Tu réfléchis quelques instants.
Je suis d’accord avec toi. Je ne vois rien d’inatteignable dans tes espoirs non plus. Jamais je n’aurais honte de toi, c’est absolument certain, et tu es merveilleux. Je suis terriblement sensible, donc ce ne sera pas un problème si tu l’es. La partie la plus difficile sera sûrement de m’entendre avec celleux que tu aimes. Pas parce que je ne les apprécierai pas, mais parce que les rencontrer sera compliqué. Mais tu m’as vu essayer, et je crois que ça fonctionne, un peu. Je ne t’en ai pas parlé, mais je suis devenue plus proche d’Elizabeth ces derniers jours. Et j’ai passé du temps avec ton frère, aussi. Je l’apprécie de plus en plus.
Sa réponse te parvient peu après.
Je suis ravi de l’apprendre. Et heureux qu’iels aient été là pour toi. Tu ne peux pas aimer tout le monde, c’est certain, et ce qui compte pour moi est simplement que tu aies essayé. Ne t’inquiète pas à propos de cette partie, ce n’est pas le plus important. Tu n’as pas à rencontrer qui que ce soit immédiatement, tu sais que nous irons toujours à ton rythme. Jamais je ne te tiendrai rigueur de ne pas t’entendre avec quelqu’un qui m’est proche.
Jusqu’ici, que penses-tu des échanges que nous avons eus ? Est-ce que tu estimerais que les choses ont l’air plutôt… encourageantes ? Je ne perçois pas de sujet d’inquiétude particulier, pour l’instant, mais peut-être ai-je manqué de vigilance. J’ai l’impression que nous voulons globalement la même relation. Nous pourrions presque dire que nous sommes faits l’un pour l’autre, ou quelque chose de ce genre-là ? Peut-être vais-je commencer à croire au destin.
Ses derniers mots te font rire. Toi aussi, tu pourrais commencer à croire en une intervention divine.

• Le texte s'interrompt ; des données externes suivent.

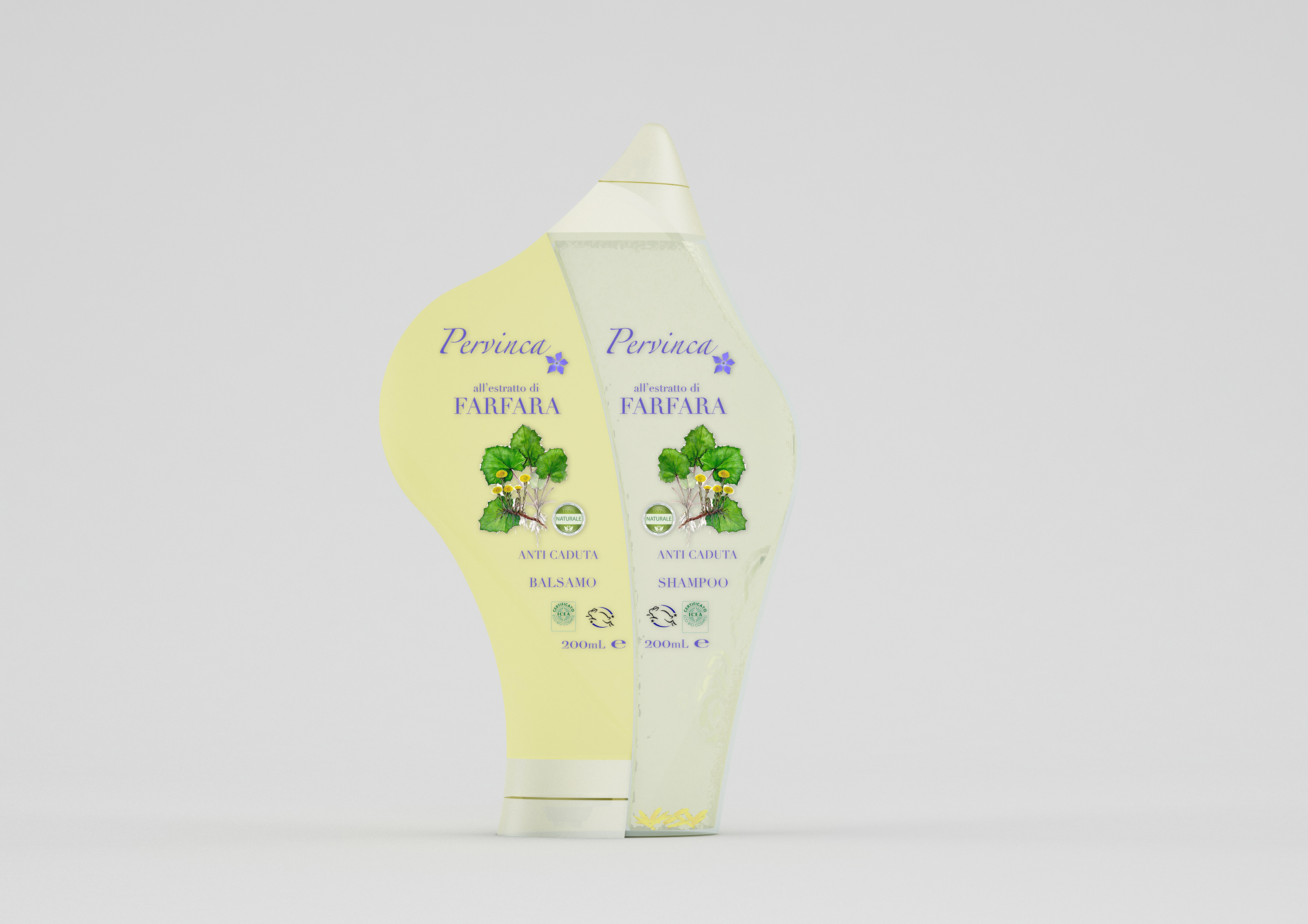 Forse è fuori tema ma proverei a proporre un'etichetta che evidenzi l' originalità e complementarità della confezione, tipo: flacone colore A con scritte del colore B e viceversa, etichetta "condivisa" tra i flaconi,...

Vous vous êtes si bien trouvé·e·s et il correspond en tous points ou presque à la personne de tes rêves. Cependant, si vous souhaitez les mêmes choses de manière générale, et que ton euphorie amplifie tout, reste la possibilité de désaccords plus spécifiques, de certains éléments qui pourraient ne pas lui plaire, de tous ces défauts cachés dont on ne parle jamais, de tous ces moments du quotidien qui peuvent créer la discorde.
Je dirais que nous sommes en effet très chanceuxses. Cela me rassure, et m’apaise un peu. Je me sens cependant anxieuxse à propos de certaines choses. Qu’en est-il de tout ce dont nous n’avons pas discuté ? Comme nos pires défauts, ou tous les petits problèmes qui pourraient ruiner une relation ? Toutes les choses qu’on refuserait catégoriquement ? Je sais que ce n’est pas quelque chose de facile à faire, mais peut-être qu’on devrait lister ce qui pourrait vraiment s’avérer problématique chez nous, pour l’autre ? En dehors de ce qu’on a déjà abordé, je veux dire. Tu crois qu’on pourrait faire ça ?

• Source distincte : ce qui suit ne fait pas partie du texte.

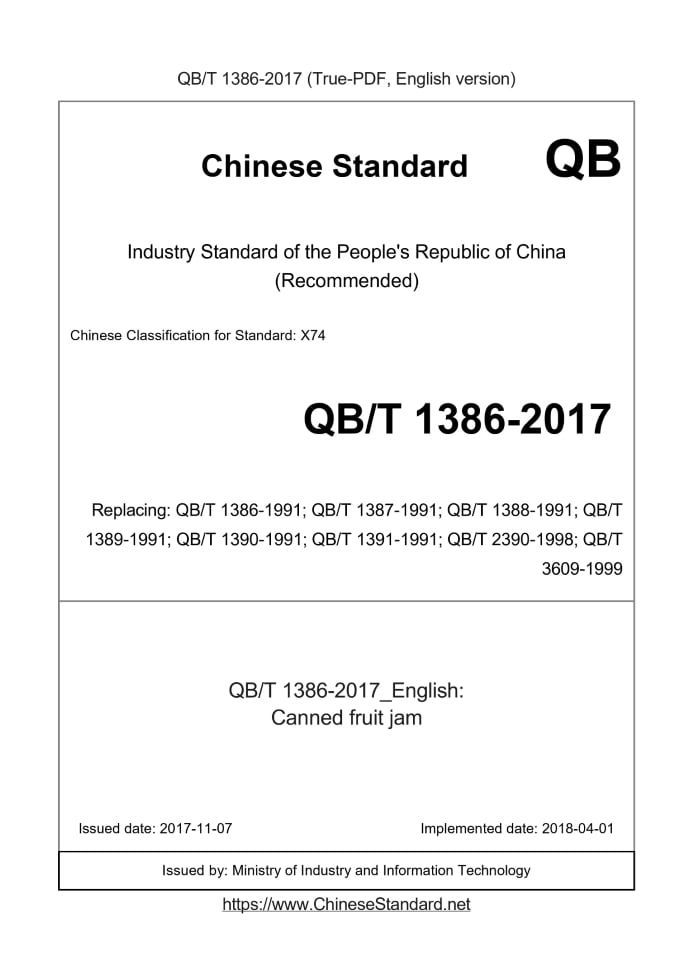 Delivery: <= 3 days. True-PDF full-copy in English will be manually translated and delivered via email. QB/T 1386-2017: Canned fruit jam Status: Valid QB/T 1386: Historical versions

Sa réponse n’arrive pas tout de suite, et tu as le temps de terminer ta vaisselle. Tu te demandes si cette question dépassait les bornes. Après tout, tu ne peux pas tout contrôler et espérer que ton anxiété disparaisse. Tu devras composer avec certains imprévus.

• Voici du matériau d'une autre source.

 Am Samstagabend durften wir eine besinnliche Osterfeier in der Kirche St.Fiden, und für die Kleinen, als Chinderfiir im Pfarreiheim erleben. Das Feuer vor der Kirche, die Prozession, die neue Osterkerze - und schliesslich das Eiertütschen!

Cela risque d’être difficile, mais nous pouvons faire cela. Je te promets de répondre honnêtement, sans rien omettre, mais j’ai besoin de temps. Je pense que l’exercice sera anxiogène pour moi. Laissons-nous jusqu’à… la fin de la semaine ? Cela te conviendrait ? Nous pouvons toujours discuter d’autres choses durant l’intervalle, si tu le désires. J’en serai personnellement ravi.
Tu soupires de soulagement dans ta cuisine. Pour toi non plus, ce ne sera pas un exercice facile. Mais peut-être que cela permettra de percevoir rapidement si la relation est vouée à l’échec. Tu apprécies les efforts qu’il fournit pour toi.
Merci. Cela signifie beaucoup pour moi que tu sois prêt à m’accorder cette requête, même si c’est désagréable. Ça ne va pas être facile pour moi non plus. La fin de la semaine me paraît bien, mais dis-moi si tu as besoin de plus de temps. Discutons de tout un tas de choses en attendant, comme avant ! Cela me ferait plaisir aussi.